GIVEN DATA
=-=-=
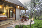 Tambuti Lodge consists of five luxury chalets all fitted with contemporary elegance and quality furnishings. Surrounded by striking Tambuti Trees, all suites offer spectacular bush views and are equipped with air-conditioning, an en-suite bathroom, double vanities, bath, indoor and outdoorshowers, completed by a private deck.
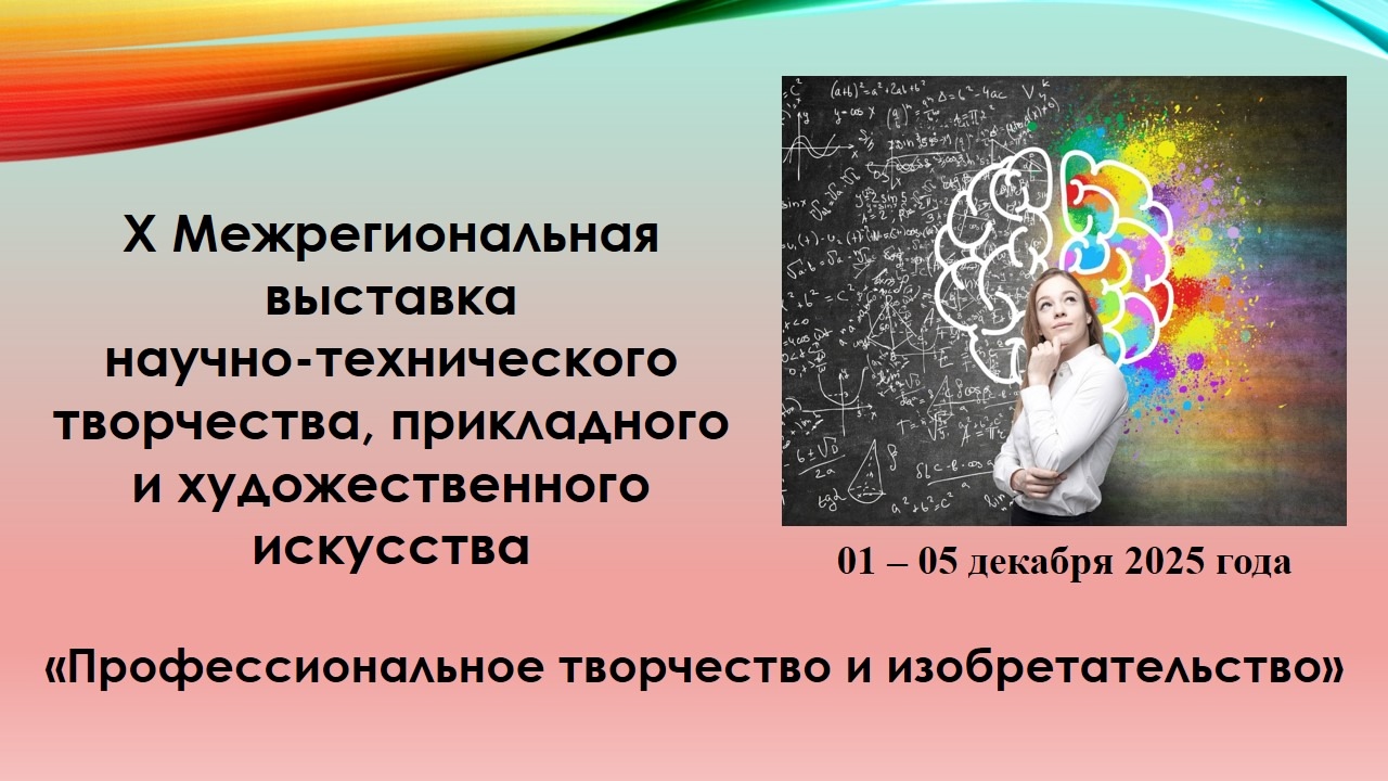 С 1 по 5 декабря 2025 года состоится Х Межрегиональная выставка научно-технического творчества и искусства студентов «Профессиональное творчество и изобретательство». Участники представят проекты в номинациях: профессиональное мастерство, учебные экспонаты, научные инновации и творческие работы. Все авторы получат сертификаты, а победители — дипломы и благодарности научным руководителям.
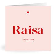 Raisa is een middellange naam en bestaat uit 5 letters. De naam begint met de letter R en is opgebouwd uit 3 klinkers (a, i, a) en 2 medeklinkers (r, s).
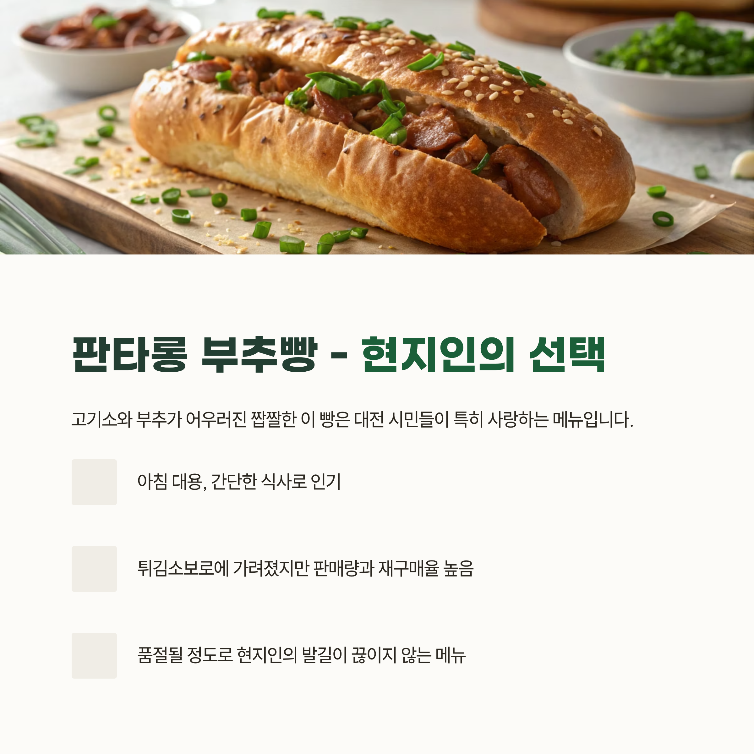 | 판타롱 부추빵 | 짭짤+고소 | 식사 대용, 현지 강추 |
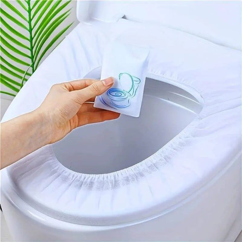 أغطية مقاعد المرحاض التي تستخدم لمرة واحدة: مصنوعة من مادة غير منسوجة بنسبة 100%، هذه الأغطية مقاومة للانزلاق وجيدة التهوية ومقاومة للماء. تحتوي كل عبوة على 10 أغطية للحماية أثناء التنقل. معبأة بشكل فردي لسهولة السفر، وتتميز بتصميم مرن لملاءمة آمنة ومناسبة للمراحيض العامة والفنادق والمستشفيات والنزهات المختلفة
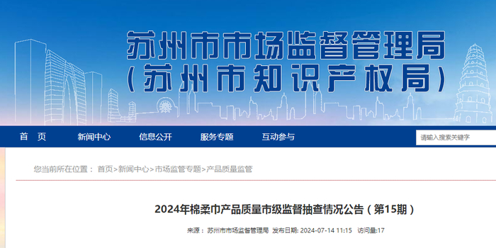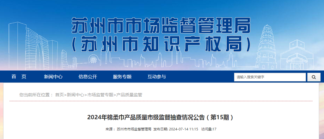 【江苏省苏州市】2024年棉柔巾产品质量市级监督抽查情况公告(第15期)
=-=-=
WHAT YOU HAVE TO DO
Your copy should restate every record word for word and contain no pictures.

RESULT
 Tambuti Lodge consists of five luxury chalets all fitted with contemporary elegance and quality furnishings. Surrounded by striking Tambuti Trees, all suites offer spectacular bush views and are equipped with air-conditioning, an en-suite bathroom, double vanities, bath, indoor and outdoorshowers, completed by a private deck.
 С 1 по 5 декабря 2025 года состоится Х Межрегиональная выставка научно-технического творчества и искусства студентов «Профессиональное творчество и изобретательство». Участники представят проекты в номинациях: профессиональное мастерство, учебные экспонаты, научные инновации и творческие работы. Все авторы получат сертификаты, а победители — дипломы и благодарности научным руководителям.
 Raisa is een middellange naam en bestaat uit 5 letters. De naam begint met de letter R en is opgebouwd uit 3 klinkers (a, i, a) en 2 medeklinkers (r, s).
 | 판타롱 부추빵 | 짭짤+고소 | 식사 대용, 현지 강추 |
 أغطية مقاعد المرحاض التي تستخدم لمرة واحدة: مصنوعة من مادة غير منسوجة بنسبة 100%، هذه الأغطية مقاومة للانزلاق وجيدة التهوية ومقاومة للماء. تحتوي كل عبوة على 10 أغطية للحماية أثناء التنقل. معبأة بشكل فردي لسهولة السفر، وتتميز بتصميم مرن لملاءمة آمنة ومناسبة للمراحيض العامة والفنادق والمستشفيات والنزهات المختلفة
 【江苏省苏州市】2024年棉柔巾产品质量市级监督抽查情况公告(第15期)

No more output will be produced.